The world is now rapidly moving out of the corrupted money circuits into pure information-based trading  (craigslist, freecycle, prosper, zopa , etc.)  and the new  KWH currencies based on kilowatt hours (Evolution of Money Systems).  We see  at last how money is created out of thin air  and how central banks’ “quantitative easing”  prints  money for their allies in the  old banking centers.  Our current TV special on PBS stations is all about the politics of money – creation and credit allocation.  This is why Ron Paul, Barney Frank, Bernie Sanders, Dennis Kucinich, Maria Cantwell and Susan Collins are getting onto the same page!  Eric Schmidt understands this better than Larry Summers and Tim Geithner!  (see diagram 3).

Markets, at the human scale and local livelihood level  are not primarily conducted in cash, but in barter and mutual aid and exchange. (see diagram 1  Two Ways of Transacting).    The official  money-denominated half  is the GDP . The equally large Love Economy, is also the info-sharing, cooperative half, Don Tapscott described in Wikinomics, and Yoichi Benkler in The Wealth of Networks.  So we are back to the proper role of money, as useful invention  to track and keep score of our interactions,  not “wealth”  (see our  Money as Debt and The Money Fix at www.EthicalMarkets.tv).   Wealth lies in the real world: ecosystem assets and the wealth of human creativity and  work  (becoming more valuable as our consciousness expands).

Here we see what  I, my dear friends Matt Kiernan,  Pavan Sukhdev, Maurice Strong , Alice Tepper Marlin, Amy Domini, Susan Davis, the late Joan Bavaria who founded CERES,  and others  have been  trying to do with crafting various messages to reach financiers and re-educate economists.

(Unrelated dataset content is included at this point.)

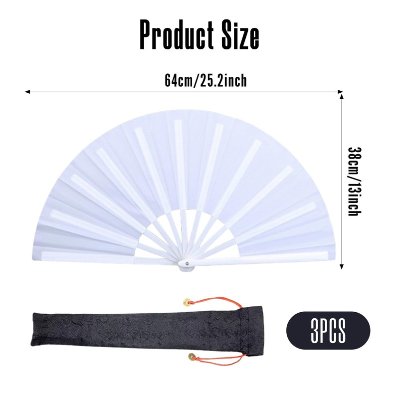 - The set includes 1or 3pcs foldable fans, Folded Length: Approx.33cm (13 inches), Unfold Length: Approx.63cm (25.2 inches)
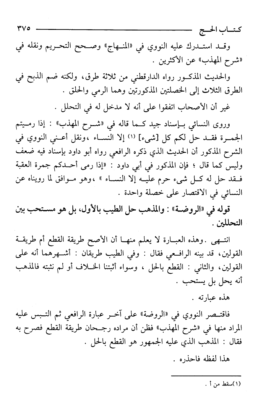 فاقتصر النووي في "الروضة" على آخر عبارة الرافعي ثم التبس عليه المراد منها في "شرح المهذب" فظن أن مراده رجحان طريقة القطع فصرح به فقال: المذهب الذي عليه الجمهور هو القطع بالحل.

Allan Savory has created a deeper teaching tool with his work.  We must engage the old financial sectors trying to dominate the globe with whatever messaging we can devise to get their attention.  Then we try to play judo with their money systems!  We must create “dashboard” quality-of-life indicators to replace single discipline GDP abstractions.  We must go on creating new accounting as GRI  and all  of you are doing .  It’s all about  education, raising awareness, challenging ego and power models  and replacing them with resilient  models that conform to natural systems, the primary reality for us humans!

This will now be part of our debates on  TRANSFORMING FINANCE   here August 29-Sept 1st, 2010.   We can move some of the earnest, sincere efforts to reform finance by many wonderful writers: Simon Johnson, Paul Woolley, Laurance Kotlikoff, et al and move in the direction of Ellen Brown, Susan Witt, Ann Pettifor, and other “outside the box”  approaches!   A really great opportunity to expand all our consciousnesses!